Tutorial: back-end user registration

This tutorial describes the API calls a backend can make in order to onboard a user in TrustBuilder.io based on an account maintained in a CRM or another IAM.

The process of onboarding a user in TrustBuilder.io can start when a new contact is created in a CRM, or by going through all existing contacts in a CRM or all accounts in an IAM. At that moment a sequence of API calls will happen to create a new user profile in TrustBuilder.io, or to update an existing user profile.

TrustBuilder.io exposes API endpoints to create/update/delete user profiles and to create/update/delete personas in an existing user profile. The TrustBuilder.io API endpoints are documented on TrustBuilder.IO API.

1.     Obtaining an access token

All TrustBuilder.io API endpoints (except the /authorize for initial user authentication) are protected by OAuth2 access tokens.

Your backend can obtain an access token through the OAuth2 client credentials grant, whereby your backend authenticates itself using its client_id & client_secret. Optionally, you can implement additional authentication protection by using private_key_jwt as documented on Client Credentials grant.

In order to create, update or delete a user profile or persona, the requested scope must include users:read, users:write as well as config:read.
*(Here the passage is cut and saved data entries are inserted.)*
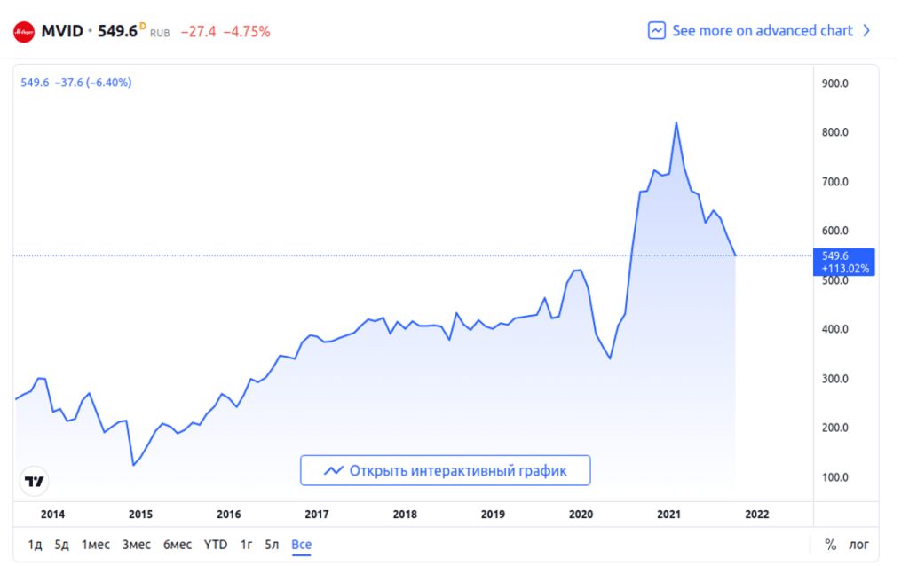 Публичное акционерное общество «М.Видео» вместе со своими «дочками» управляет сетью магазинов бытовой электроники в России. Торгуется на Московской бирже под тикером MCX: MVID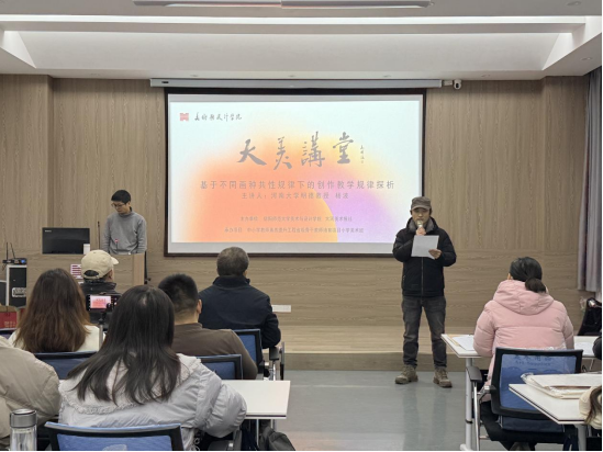 上午,杨波教授以《基于不同画种共性规律下的创作教学规律初探》为题,通过分析学生作品,深入探讨美术史、学情与创作思维培养。他提出抛开画种偏见,以更好地认识和学习绘画,讲座结束后还与大家就“作品的构图训练”“颜料色彩多样性趋势下的教学”等问题展开交流。
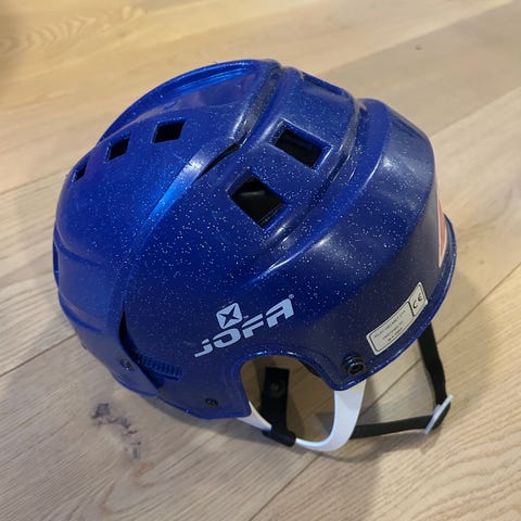 Jofa ishockeyhjelm i rosa farge. Hjelmen har justerbar hakestropp og polstret innside for økt komfort.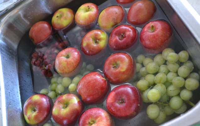 Если вы знаете, что в продуктах очень высокий процент пестицидов — попробовать это:1 стакан воды, 1 столовая ложка пищевой соды, полстакана яблочного уксуса и несколько капель экстракта семян грейпфрута. Позвольте этим ингредиентам настояться в течение одного часа.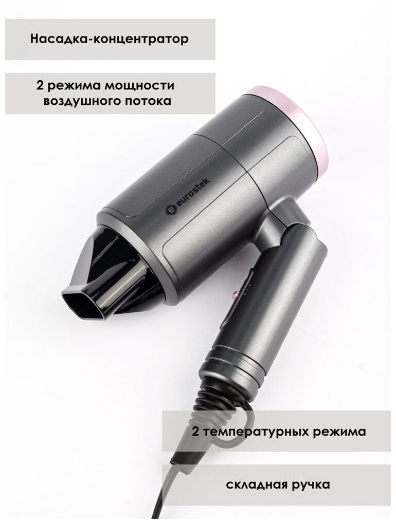 Фен EUROSTEK EHD-RC09G электрический серый интересное:
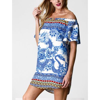 Vestido Farm Ombro a Ombro Dragão Ming Azul e Off White - M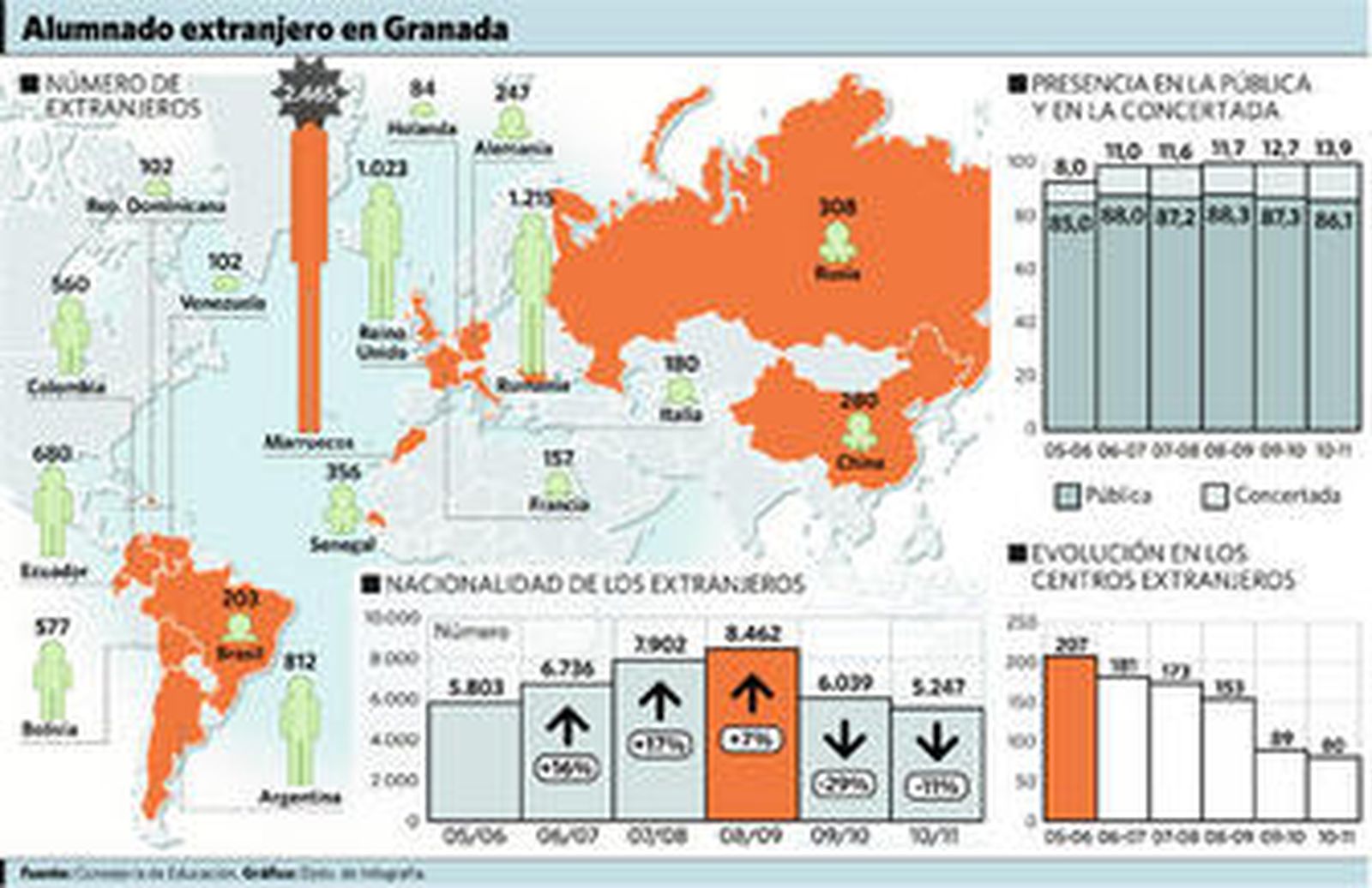 Hasta 116 nacionalidades hay matriculados este curso en las aulas granadinas. El país de procedencia más común es Marruecos, de donde vienen 2.465 alumnos, le sigue Rumanía, con 1.215 estudiantes, y el Reino Unido, con 1.023. De cuatro países llega el grueso de los alumnos sudamericanos: 812 de Argentina, 680 de Ecuador, 577 de Bolivia y 560 de Colombia. Aunque esto no siempre ha sido así, el origen del alumnado extranjero ha fluctuado mucho en el último lustro.

2.    Registering a user profile

To onboard a new user in TrustBuilder.io, your backend calls the POST /identity/users endpoint:

3.   Adding persona(s)

After the user profile has been created, your backend can one or more personas by taking the following steps:

1. Obtain the corresponding persona definition(s)

2. Add the persona(s) to the user profile.

3.1 Obtaining persona definition ids

Personas are defined by a user with an Administrator persona. Your backend can obtain the id of a persona definition by calling GET /config/persona-definitions with the name of the persona.

Of course, this step is only needed once to obtain persona definition ids, since these remain fixed once they have been created by one of your Administrators.

3.2 Adding a persona

After the user profile has been created and assuming the set of persona definitions has been obtained, one or more such personas can be added. The user_id is the one returned in the previous step when the user profile was registered.

4.   Updating a user profile

During its lifecycle, a user profile may be updated from time to time in function of updates in your CRM. Your backend will take the following steps to reflect those changes in TrustBuilder.io:

1. Obtain the attribute definition(s)

2. Find the user profile by query & filer with the email address

3. Query the user profile to obtain the ETag

4. Update specific attributes of the user profile.

4.1 Obtaining attribute definition ids

A user profile consists of attributes. TrustBuilder.io has a set of predefined attributes, possibly extended with a number of custom attributes. Attributes are addressed by their name, as defined in the documentation for predefined attributes (see Managing User Profiles) or defined by one of your Administrators for custom attributes.

Your backend can obtain the id of an attribute definition by calling GET /identity/config/attribute-definitions with the name of the attribute (and the category in which the attribute is defined).

Of course, this step is only needed once to obtain attribute definition ids, since these remain fixed after creating the attribute definition.

4.2 Find user profile with email

your backend then calls the POST /identity/users/query endpoint of TrustBuilder.io to find the user profile using its email address.

4.3 Obtain Etag

Most TrustBuilder.io API endpoints use ETag headers to support efficient cache validation, to minimise data transfer and to ensure profile integrity when multiple calls arrive in a different order or simultanuously. The ETag (“entity tag”) header, defined by RFC 9110, is a mechanism that HTTP provides for Web cache validation and optimistic concurrency control.

An ETag is an opaque identifier assigned by an API endpoint to a specific version of a resource (such as a user profile, a policy definition or a configuration). The ETag is a hash of the resource content. Whenever the content changes, a new ETag is assigned. Used in this manner, ETags allow the API endpoints to detect whether the calling client (i.c. your backend) has and is assuming the same version of the resource content.

Using the ETag, the TrustBuilder.io platform enables optimistic concurrency control so that simultaneous updates (e.g. multiple API calls, or multiple Administrators doing an update of the same resource) of a resource do not overwrite each other.

This is actually done by the If-Match headers in the PUT and PATCH endpoints, so they can detect mid-air edit collisions and return an error. Note that POST operations do not need an ETag because they always add or replace resource contents in their entirety.

So, if no other call has not yet been made related to this user profile in the same script or procedure, the ETag must first be obtained.

4.4 Update the user profile

The final call will actually request the update. Depending on the type of update, the following endpoints are available:

• Update attributes of the user profile using PATCH /identity/users/{user_id}

• Update attributes in one of the associated personas using PATCH /identity/users/{user_id}/personas/{persona_id}

• Update custom attributes in one of the associated personas using PATCH /identity/users/{user_id}/personas/{persona_id}/attribute

In case of an attribute update inside personas, the attribute could be present in multiple personas. In that case, your backend must foresee logic to loop through all personas and send an update request for each of them.